The Royal Opera House’s Engender Festival is back – bringing together today’s most exciting opera makers, writers, creatives and changemakers. The festival is situated in and around the Linbury Theatre – The Royal Opera’s home for innovation – and this year takes its cue from the progressive thinking and ground-breaking productions found on the Linbury Theatre stage, which for the first-time features two new female-led operas.
Running from Friday 30 June–Sunday 2 July, the Engender festival features an inspiring lineup of events which includes collaborative conversations, events and performances with leading creatives, writers, and new and emerging voices from the world of opera and beyond.

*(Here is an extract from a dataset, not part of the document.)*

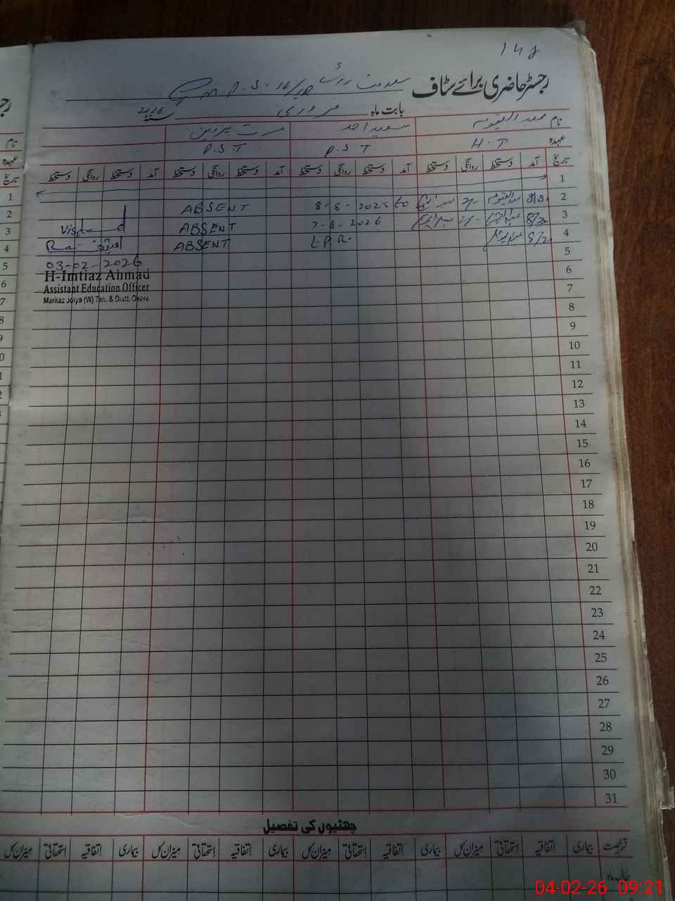 | Remarks (Use Separate Page if Required): Musarat Parveen PST found absent Since 1 September 2025 | |||||

Kicking off the festival on Friday 30 June will be an Insight with the team behind Woman at Point Zero (on stage from Wednesday 28 June) – conductor Kanako Abe, composer Bushra El-Turk, and Shubbak’s joint CEO Alia Alzougbi will be discussing the piece in a discussion chaired by writer and director Uzma Hameed.
This will be followed by the final performance of the opera, which is inspired by the seminal novel by Egyptian writer and feminist Nawal El Saadawi. The multimedia work tells a tale of abuse and emancipation and brings together a stellar creative team that includes composer Bushra El-Turk, director Laila Soliman, writer Stacy Hardy and scenographer and film designer Bissane Al Charif. Conducted by Kanako Abe, the music blends Western and Middle Eastern traditions, and is performed on a unique mix of ancient folk instruments by musicians from all over the world.

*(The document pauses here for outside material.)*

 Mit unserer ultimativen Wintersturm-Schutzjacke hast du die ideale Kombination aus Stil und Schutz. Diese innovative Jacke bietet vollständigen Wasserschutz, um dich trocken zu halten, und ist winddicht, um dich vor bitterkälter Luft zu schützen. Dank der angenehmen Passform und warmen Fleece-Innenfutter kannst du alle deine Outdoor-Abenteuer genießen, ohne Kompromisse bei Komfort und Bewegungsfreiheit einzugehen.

Also opening at the Engender Festival is History of the Present – a new experimental feminist opera-film about class and conflict. A collaboration between Maria Fusco and Margaret Salmon, the work premiered in Belfast in April 2023 as part of a series of events to mark the 25th anniversary of the Good Friday Agreement, and features new compositions by Annea Lockwood, libretto by Maria Fusco and improvisational vocal work by Héloïse Werner. The work is touring nationally and internationally, at Art Night Dundee 24 June, and Edinburgh Art Festival 11 August 2023.
Made on 35mm and video in the streets of Belfast, the Ulster Museum and backstage at ROH, History of the Present observes how defensive architecture defines movement to enforce intersectional histories and identities within daily experiences in conflict and post-conflict zones on an international level. Early stages of the work were developed by Maria Fusco during the 2020 Engender Festival, as part of the Opera in Progress series, small commissions supporting the initiation of new ideas.

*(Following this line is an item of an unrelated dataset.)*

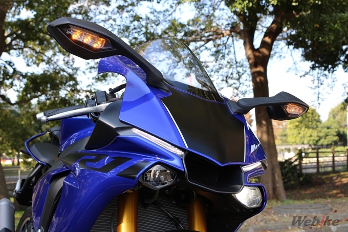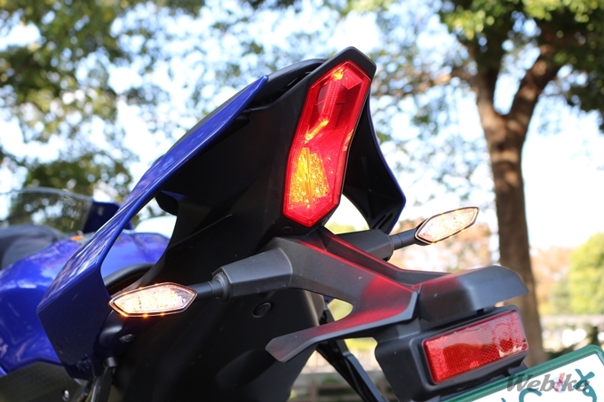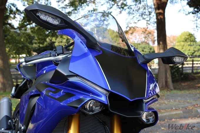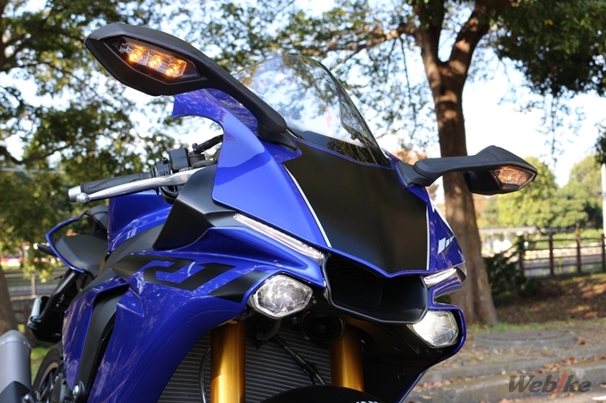 现行款YZF-R1的灯具类全都采用LED灯,并采用与后视镜一体成型的方向灯,定位灯看起很像是细长往上吊的眼睛,头灯则设置在进气导管两侧,乍看之下比较像是雾灯(笑)。

Maria Fusco, who grew up beside a peaceline in Belfast during The Troubles, explains: ‘The opera-film features archival recordings of women’s voices from my own family recordings, made when I was a child. I’m interested in how you learn accent through tone and range, how the environment seeps into you, how you try to assimilate. I was deeply honoured Annea agreed to compose new music for the work; her pioneering work in field-recordings has been an inspiration for a long time. We utilised other archival materials, which Héloïse, a trained opera singer, improvises with ‘emblematic’ Belfast military sounds: a helicopter, a Saracen, and a riot. We made the decision in the work not to include any visual archival material, but instead to focus on the sonic. When I was growing up, you would often hide when a riot was happening, not stand staring out at it. Your experience of violence is largely sonic: you’re a reluctant participant.’
The Festival is part of The Royal Opera’s Engender initiative, now in its 5th year led by creative producers Sarah Crabtree and Kate Wyatt, which aims to deliver transformational change, to amplify the work of women and non-binary individuals, to provide a space of support for those in the sector, and to drive gender equality both on stage and behind the scenes.
For the first time ever, the event this year includes network meetups in Birmingham and Leeds, delivered in partnership with Opera North and writer Vanessa Oakes, bringing together opera makers for creative exchanges and to build their networks.
Sarah Crabtree and Kate Wyatt, Creative Producers for The Royal Opera and cofounders of Engender said: ‘Over the last four years, Engender has grown in ways we never expected. Each year has new firsts. This year we are thrilled to have meetups outside of London – showing the strength of the network across the UK – and showcasing the need and impact of these conversations across the UK. We also host two operas within the festival this year – one, History of the Present, was developed through our ‘Opera-in-Progress’ initiative – and is the first production to be fully commissioned and premiered in this scheme.’
In addition to events in the Linbury Theatre, a programme of informal fringe events will be running throughout the festival, including a brunch in the ROH Piazza with poet, playwright, essayist and political activist lisa luxx.